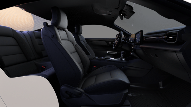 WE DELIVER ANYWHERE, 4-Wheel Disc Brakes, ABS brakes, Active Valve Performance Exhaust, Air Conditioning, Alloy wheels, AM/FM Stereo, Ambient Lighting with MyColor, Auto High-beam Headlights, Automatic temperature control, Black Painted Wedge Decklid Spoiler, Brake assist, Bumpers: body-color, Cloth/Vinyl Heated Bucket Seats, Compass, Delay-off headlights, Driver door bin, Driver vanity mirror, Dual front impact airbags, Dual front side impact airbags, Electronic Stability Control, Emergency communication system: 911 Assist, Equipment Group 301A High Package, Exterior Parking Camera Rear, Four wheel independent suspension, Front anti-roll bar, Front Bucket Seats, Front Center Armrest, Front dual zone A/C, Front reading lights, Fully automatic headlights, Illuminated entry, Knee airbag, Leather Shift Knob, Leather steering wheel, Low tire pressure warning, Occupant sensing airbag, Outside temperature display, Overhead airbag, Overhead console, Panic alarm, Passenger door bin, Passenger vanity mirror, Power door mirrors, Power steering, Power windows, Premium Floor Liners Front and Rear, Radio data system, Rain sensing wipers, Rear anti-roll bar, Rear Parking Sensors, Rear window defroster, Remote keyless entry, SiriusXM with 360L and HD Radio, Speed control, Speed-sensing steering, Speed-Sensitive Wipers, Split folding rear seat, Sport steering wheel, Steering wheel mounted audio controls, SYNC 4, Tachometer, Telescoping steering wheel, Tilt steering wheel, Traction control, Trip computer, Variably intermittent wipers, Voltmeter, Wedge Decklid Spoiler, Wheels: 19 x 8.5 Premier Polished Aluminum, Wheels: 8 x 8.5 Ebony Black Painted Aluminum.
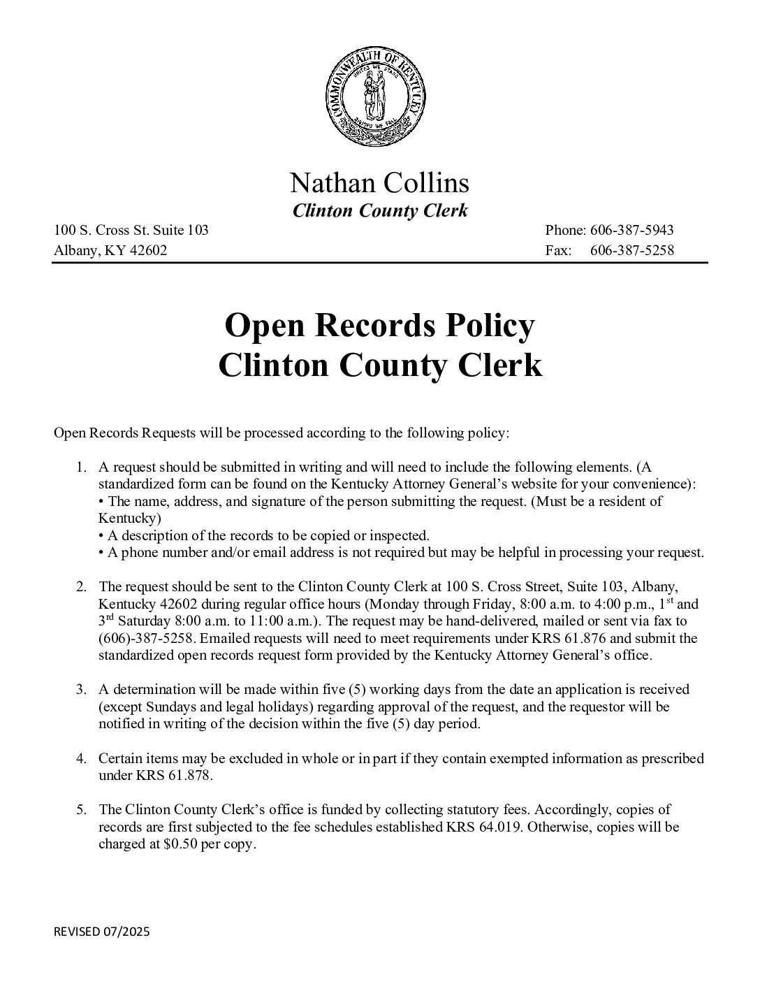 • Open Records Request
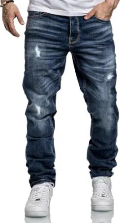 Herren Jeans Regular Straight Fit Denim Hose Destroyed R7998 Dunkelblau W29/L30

_____

**Assigned task**: For the data above, return an exact copy that contains no pictures.

**Response for this exercise**:
 WE DELIVER ANYWHERE, 4-Wheel Disc Brakes, ABS brakes, Active Valve Performance Exhaust, Air Conditioning, Alloy wheels, AM/FM Stereo, Ambient Lighting with MyColor, Auto High-beam Headlights, Automatic temperature control, Black Painted Wedge Decklid Spoiler, Brake assist, Bumpers: body-color, Cloth/Vinyl Heated Bucket Seats, Compass, Delay-off headlights, Driver door bin, Driver vanity mirror, Dual front impact airbags, Dual front side impact airbags, Electronic Stability Control, Emergency communication system: 911 Assist, Equipment Group 301A High Package, Exterior Parking Camera Rear, Four wheel independent suspension, Front anti-roll bar, Front Bucket Seats, Front Center Armrest, Front dual zone A/C, Front reading lights, Fully automatic headlights, Illuminated entry, Knee airbag, Leather Shift Knob, Leather steering wheel, Low tire pressure warning, Occupant sensing airbag, Outside temperature display, Overhead airbag, Overhead console, Panic alarm, Passenger door bin, Passenger vanity mirror, Power door mirrors, Power steering, Power windows, Premium Floor Liners Front and Rear, Radio data system, Rain sensing wipers, Rear anti-roll bar, Rear Parking Sensors, Rear window defroster, Remote keyless entry, SiriusXM with 360L and HD Radio, Speed control, Speed-sensing steering, Speed-Sensitive Wipers, Split folding rear seat, Sport steering wheel, Steering wheel mounted audio controls, SYNC 4, Tachometer, Telescoping steering wheel, Tilt steering wheel, Traction control, Trip computer, Variably intermittent wipers, Voltmeter, Wedge Decklid Spoiler, Wheels: 19 x 8.5 Premier Polished Aluminum, Wheels: 8 x 8.5 Ebony Black Painted Aluminum.
 • Open Records Request
 Herren Jeans Regular Straight Fit Denim Hose Destroyed R7998 Dunkelblau W29/L30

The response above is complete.